Each line from the one with "Das KfW-55-Haus in" through the last line of the material is to be printed exactly; no other line and no picture belongs in the copy.

[Stored data — start]

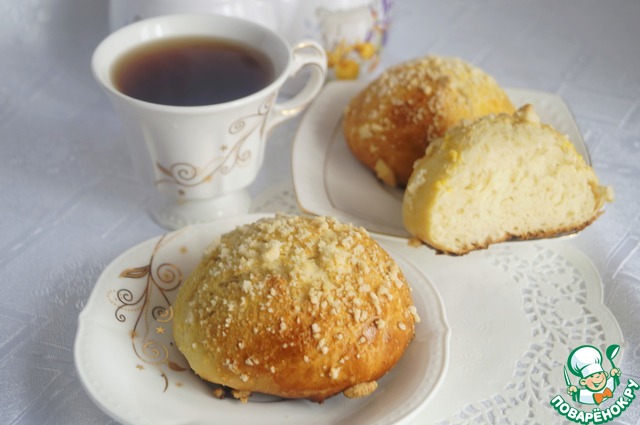 Посыпать булочки штрейзелем и дать расстояться 20-30 минут. Выпекать в разогретой до 180 гр. духовке минут 20 до золотистой корочки.
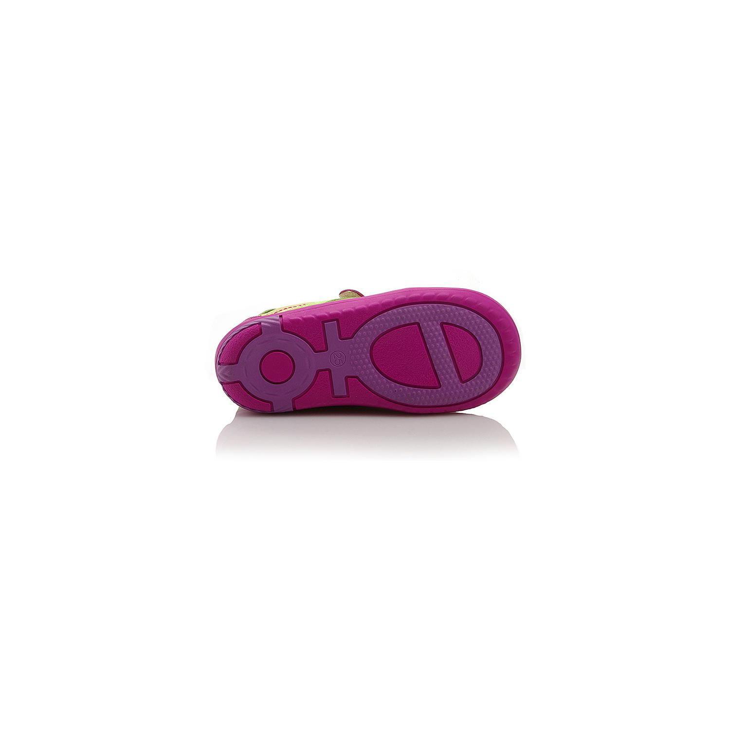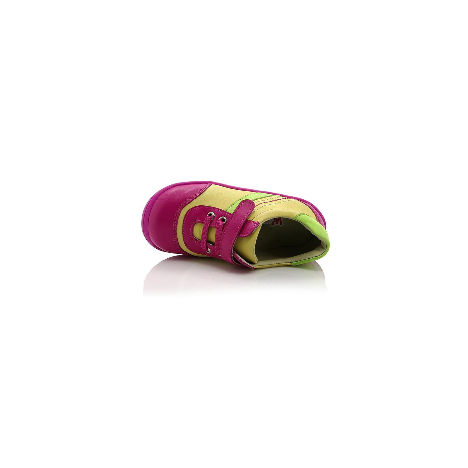 Кроссовки ярко-розового цвета с желтыми вставками. Сверху фиксируются липучкой и двумя резиночками. Снаружи кожа + нубук, внутри кожаные. Есть твердая пятка и супинатор.
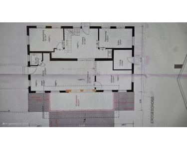 Das KfW-55-Haus in Holzständerbauweise mit 25 °Giebeldach, hat zwei Vollgeschosse. EG 2.70m Raumhöhe , 1. OG zum Dach offen, 10.000 kwp PV Anlage mit Versorgung von Hausstrom und Heizung,
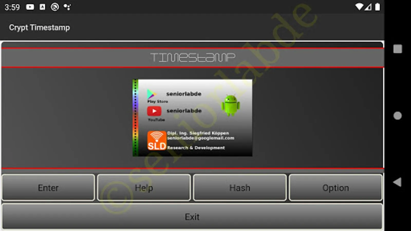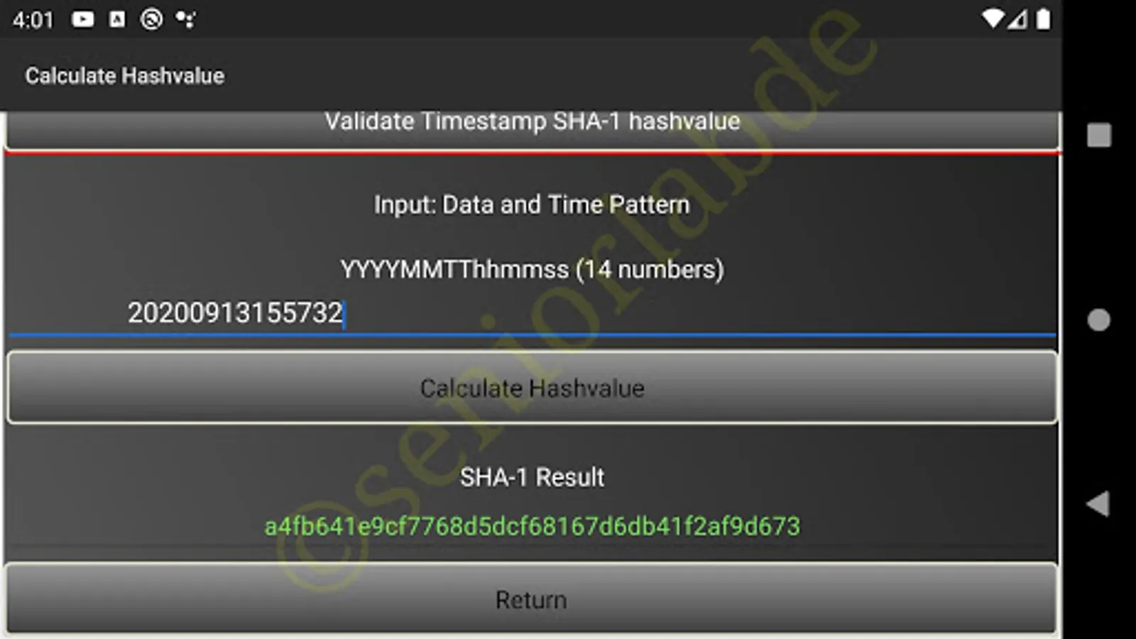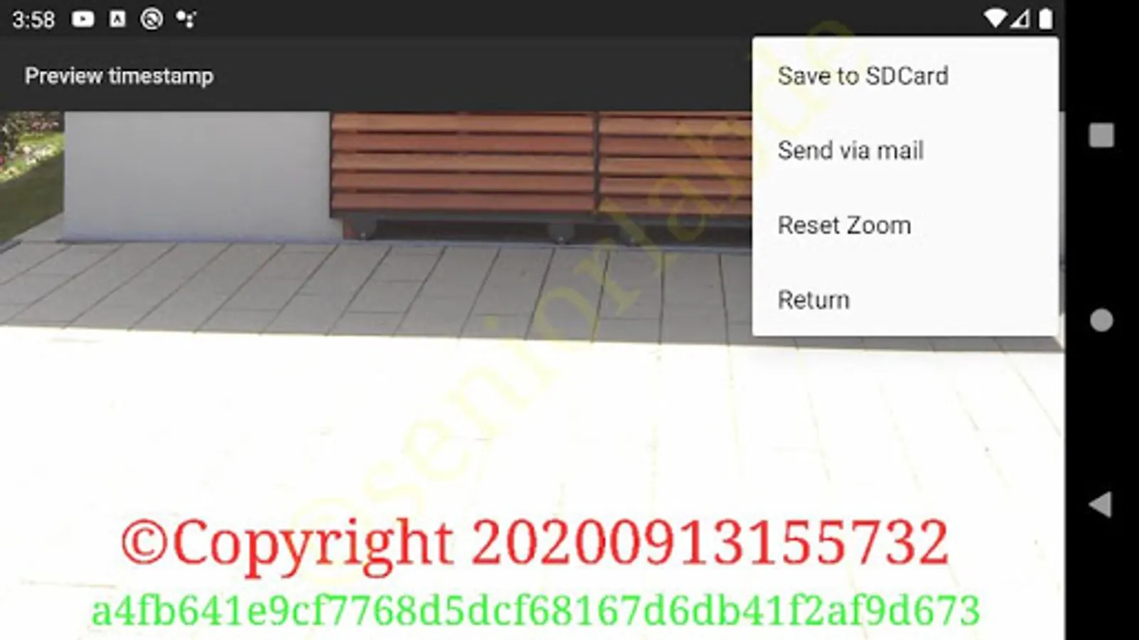 Copyright: Protect your images by a time stamp. In addition you can add to the description of the picture a short text (max. 20 characters). Text and timestamps are inserted into selectable font and font size. Either at the top or at the bottom of the image. From the time stamp a graphical crypto hash code according to the Standard SHA-1 generated. Thus, it is not possible to manipulate the time stamp. (Counterfeit security). If the date or time to be manipulated, the hash value is no longer correct, what you can check with the validation function "Compute hash". The contrast of the inserted text, the time stamp and the hash code can be changed (watermark). The color for text and time stamp and the hash value can be selected separately.

[Stored data — finish]

◆ **Answer to the exercise**:
 Das KfW-55-Haus in Holzständerbauweise mit 25 °Giebeldach, hat zwei Vollgeschosse. EG 2.70m Raumhöhe , 1. OG zum Dach offen, 10.000 kwp PV Anlage mit Versorgung von Hausstrom und Heizung,
 Copyright: Protect your images by a time stamp. In addition you can add to the description of the picture a short text (max. 20 characters). Text and timestamps are inserted into selectable font and font size. Either at the top or at the bottom of the image. From the time stamp a graphical crypto hash code according to the Standard SHA-1 generated. Thus, it is not possible to manipulate the time stamp. (Counterfeit security). If the date or time to be manipulated, the hash value is no longer correct, what you can check with the validation function "Compute hash". The contrast of the inserted text, the time stamp and the hash code can be changed (watermark). The color for text and time stamp and the hash value can be selected separately.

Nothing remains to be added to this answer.